Now that we have dispensed with the logs, let’s see what this fancy OCLUMON can do.

1. First off, we need to set the logging level for the daemon we’d like to monitor.

[root@flex1 tmp]# /u01/app/12.1.0.1/grid/bin/oclumon debug log osysmond CRFMOND:3

2. Next, start the process with the dumpnodeview

[root@flex1 tmp]# /u01/app/12.1.0.1/grid/bin/oclumon dumpnodeview -n flex1

----------------------------------------

Node: flex1 Clock: '14-02-07 00.02.08' SerialNo:2081 

----------------------------------------

SYSTEM:

#pcpus: 1 #vcpus: 1 cpuht: N chipname: Intel(R) cpu: 26.27 cpuq: 2 physmemfree: 141996 physmemtotal: 4055420 mcache: 2017648 swapfree: 3751724 swaptotal: 4063228 hugepagetotal: 0 hugepagefree: 0 hugepagesize: 2048 ior: 105 iow: 248 ios: 55 swpin: 0 swpout: 0 pgin: 105 pgout: 182 netr: 47.876 netw: 24.977 procs: 302 rtprocs: 12 #fds: 24800 #sysfdlimit: 6815744 #disks: 9 #nics: 3 nicErrors: 0

TOP CONSUMERS:

topcpu: 'apx_vktm_+apx1(7240) 3.40' topprivmem: 'java(19943) 138464' topshm: 'ora_mman_sport(14493) 223920' topfd: 'ocssd.bin(2778) 341' topthread: 'console-kit-dae(1973) 64' 



----------------------------------------

Node: flex1 Clock: '14-02-07 00.02.13' SerialNo:2082 

----------------------------------------

SYSTEM:

#pcpus: 1 #vcpus: 1 cpuht: N chipname: Intel(R) cpu: 46.13 cpuq: 17 physmemfree: 110400 physmemtotal: 4055420 mcache: 2027560 swapfree: 3751708 swaptotal: 4063228 hugepagetotal: 0 hugepagefree: 0 hugepagesize: 2048 ior: 7714 iow: 210 ios: 399 swpin: 0 swpout: 6 pgin: 7212 pgout: 190 netr: 19.810 netw: 17.537 procs: 303 rtprocs: 12 #fds: 24960 #sysfdlimit: 6815744 #disks: 9 #nics: 3 nicErrors: 0


TOP CONSUMERS:

topcpu: 'apx_vktm_+apx1(7240) 3.00' topprivmem: 'java(19943) 138464' topshm: 'ora_mman_sport(14493) 223920' topfd: 'ocssd.bin(2778) 341' topthread: 'console-kit-dae(1973) 64' 

This will regularly dump an output similar to a “top” command in linux. As with the diagcollection.pl script, there are date duration parameters for oclumon as well.

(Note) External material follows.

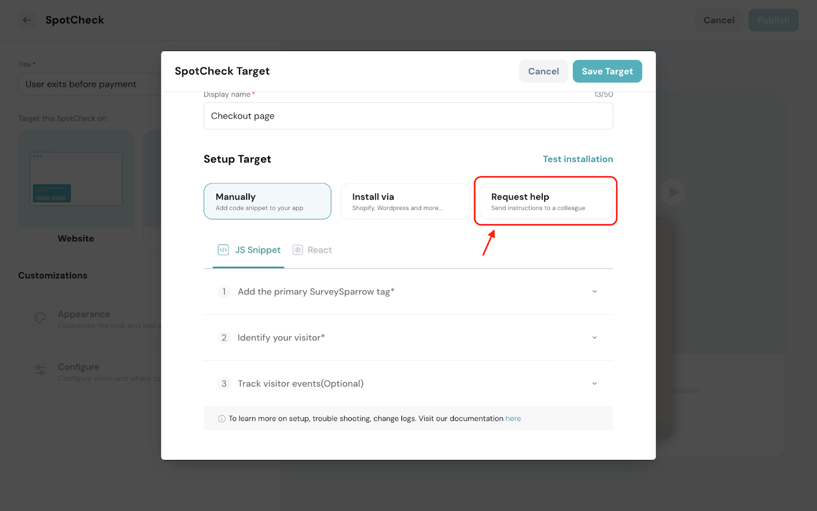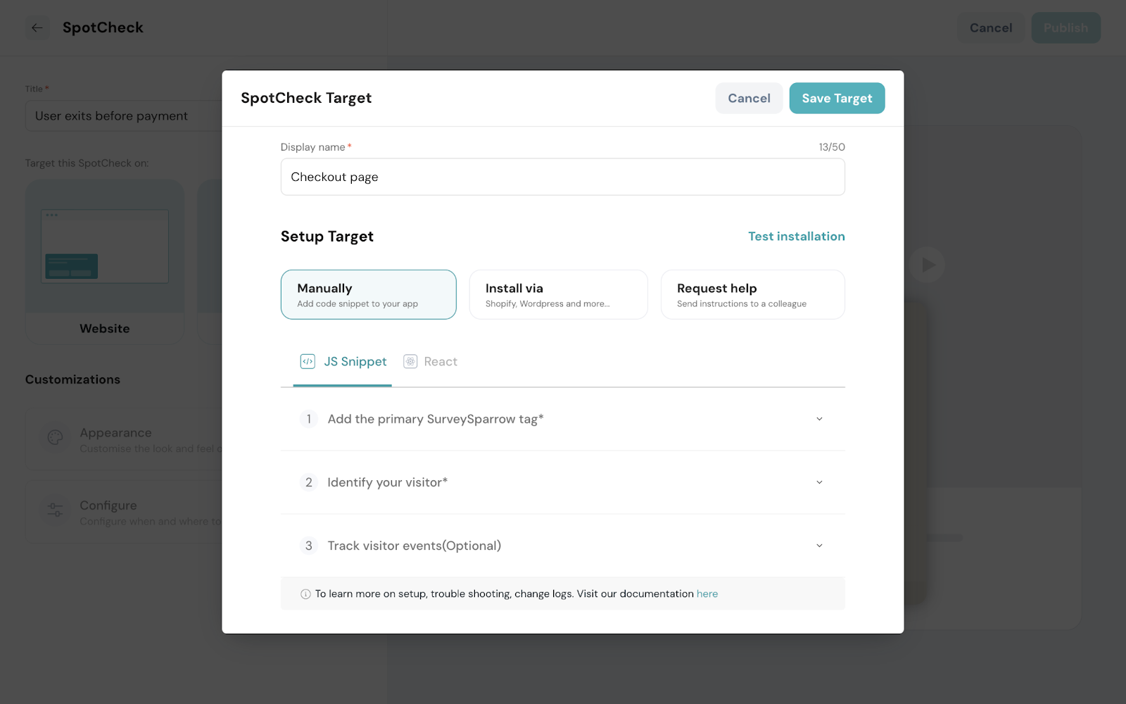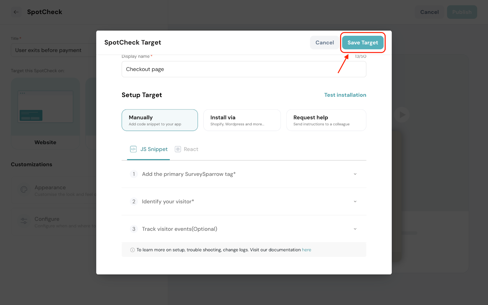 The best part? It’s a one-time deployment which means after adding the code to your website, you can make any changes to the SpotChecks in SurveySparrow, and see it live in action without copy-pasting the code every time!

3. The data (in the MGMTDB instance) is stored in the CHM schema.

SQL> select table_name from dba_tables where owner = 'CHM';

TABLE_NAME
--------------------------------------------------------------------------------
CHMOS_SYSTEM_SAMPLE_INT_TBL
CHMOS_SYSTEM_CONFIG_INT_TBL
CHMOS_SYSTEM_PERIODIC_INT_TBL
CHMOS_SYSTEM_MGMTDB_CONFIG_TBL
CHMOS_CPU_INT_TBL
CHMOS_PROCESS_INT_TBL
CHMOS_DEVICE_INT_TBL
CHMOS_NIC_INT_TBL
CHMOS_FILESYSTEM_INT_TBL
CHMOS_ASM_CONFIG


10 rows selected.

4. As mentioned earlier, you can also manage the repository retention period from oclumon.

4.1 To find out the current settings, we can issue the -get parameter.

4.1.1 Find the repository size, in bytes.

[root@flex1 tmp]# /u01/app/12.1.0.1/grid/bin/oclumon manage -get repsize

CHM Repository Size = 136320

4.1.2 Find the repository data file location

[root@flex1 tmp]# /u01/app/12.1.0.1/grid/bin/oclumon manage -get reppath

CHM Repository Path = +DATA/_MGMTDB/DATAFILE/sysmgmtdata.260.835192031

4.1.3 Find the master and logger nodes

[root@flex1 tmp]# /u01/app/12.1.0.1/grid/bin/oclumon manage -get master

Master = flex1
[root@flex1 tmp]# /u01/app/12.1.0.1/grid/bin/oclumon manage -get alllogger

Loggers = flex1,
[root@flex1 tmp]# /u01/app/12.1.0.1/grid/bin/oclumon manage -get mylogger

Logger = flex1

4.2 To set parameters, follow some of the examples below.

4.2.1 The changeretentiontime is merely an indicator for how much longer the underlying tablespace can accommodate the collected data. The value is (I believe) in seconds.

[root@flex1 tmp]# /u01/app/12.1.0.1/grid/bin/oclumon manage -repos changeretentiontime 1000

The Cluster Health Monitor repository can support the desired retention for 2 hosts

4.2.2 Change the repository’s tablespace size (in MB). This also changes the retention period.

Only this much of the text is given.